To deal with these conceptual and empirical problems, weakened versions of a GMS and alternative proposals have been put forward. One suggestion is that different magnitude representations are processed separately, but interact at later decisional or motor stages. Separate dimension specific representations might share a decision procedure or a common comparison process (e.g., Feigenson, 2007; Chiou et al., 2012; Dewind and Brannon, 2012; Vicario, 2013). This echoes with our suggestion that the CDE is related to decision processes and is therefore observed whenever the magnitude of two stimuli is compared (Van Opstal et al., 2008; see also Cohen Kadosh et al., 2008). Previous work demonstrated that the interaction between different magnitude dimensions, such as space and numbers, can also originate from similar interactions at the decision stage (Gevers et al., 2006). In line with this, it was recently proposed that the observed interaction between random movement generation and the perception of numbers (Daar and Pratt, 2008; Vicario, 2012) could be caused by an early competition between decisional processes (Vicario, 2012). An alternative but not mutually exclusive suggestion is that the mapping of different magnitudes onto each other occurs in working memory because of task demands. The importance of how stimuli are encoded in working memory was recently investigated for the interaction between numbers and space. When participants were asked to retain a series of numbers in memory while they were performing a go/no-go parity judgment task, Van Dijck and Fias (2011) showed that the relation between numbers and space depended on the serial encoding of the number stimuli in working memory rather than the magnitude of the numbers. The observation that an interaction between different types of magnitude is only present when they are part of the task context (Cappelletti et al., 2011) or in trained experts (Rusconi et al., 2006) could also point to the need to actively encode stimuli in working memory.

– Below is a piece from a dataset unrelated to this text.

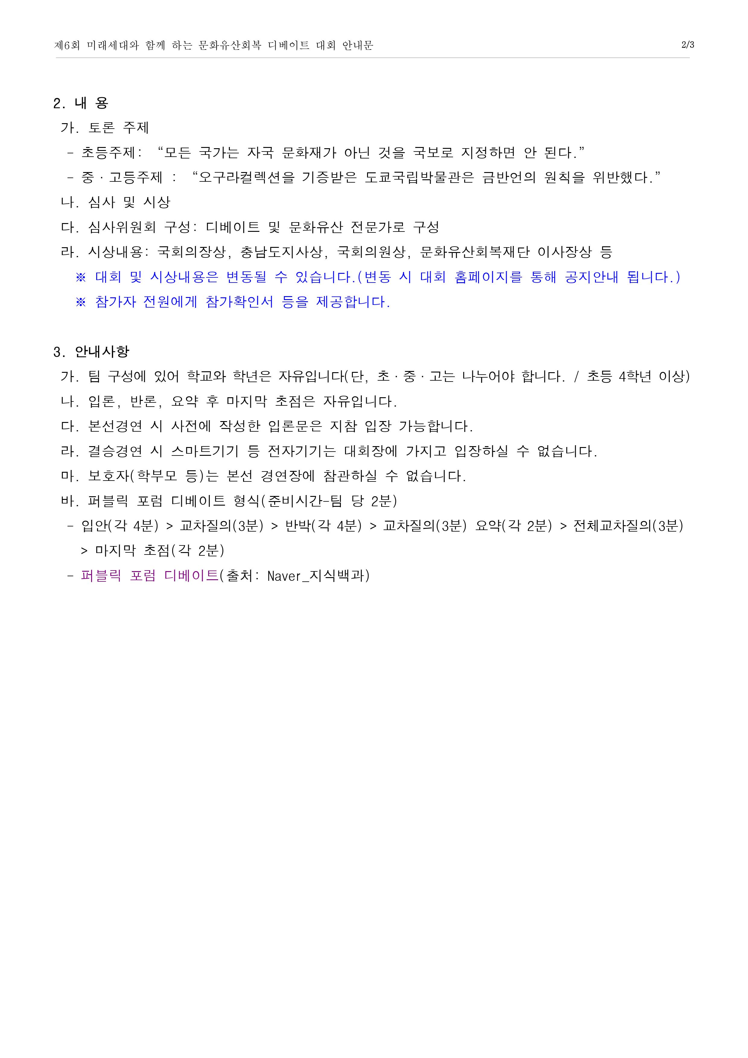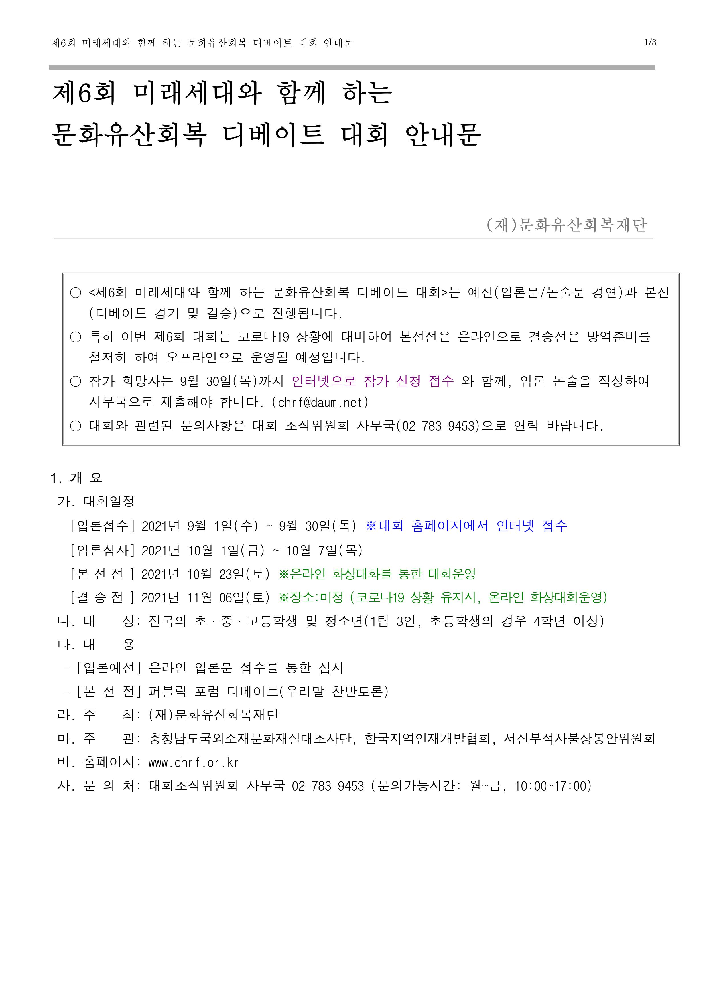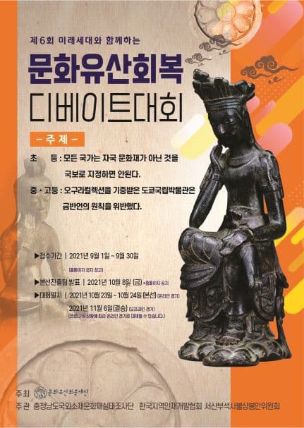 <제6회 미래세대와 함께 하는 문화유산회복 디베이트 대회>는 예선(입론문/논술문 경연)과 본선(디베이트 경기 및 결승)으로 진행됩니다.

In sum, although there is a bulk of evidence showing crosstalk and commonalities between magnitude dimensions, a magnitude system in which these dimensions are monotonically mapped to each other faces many empirical and conceptual difficulties. We propose instead that overlap in computational constraints, working memory, or decision/response processes across quantitative dimensions and tasks may account for observed similarities.
Filip Van Opstal is a postdoctoral fellow of the Research Foundation - Flanders (FWO-Vlaanderen).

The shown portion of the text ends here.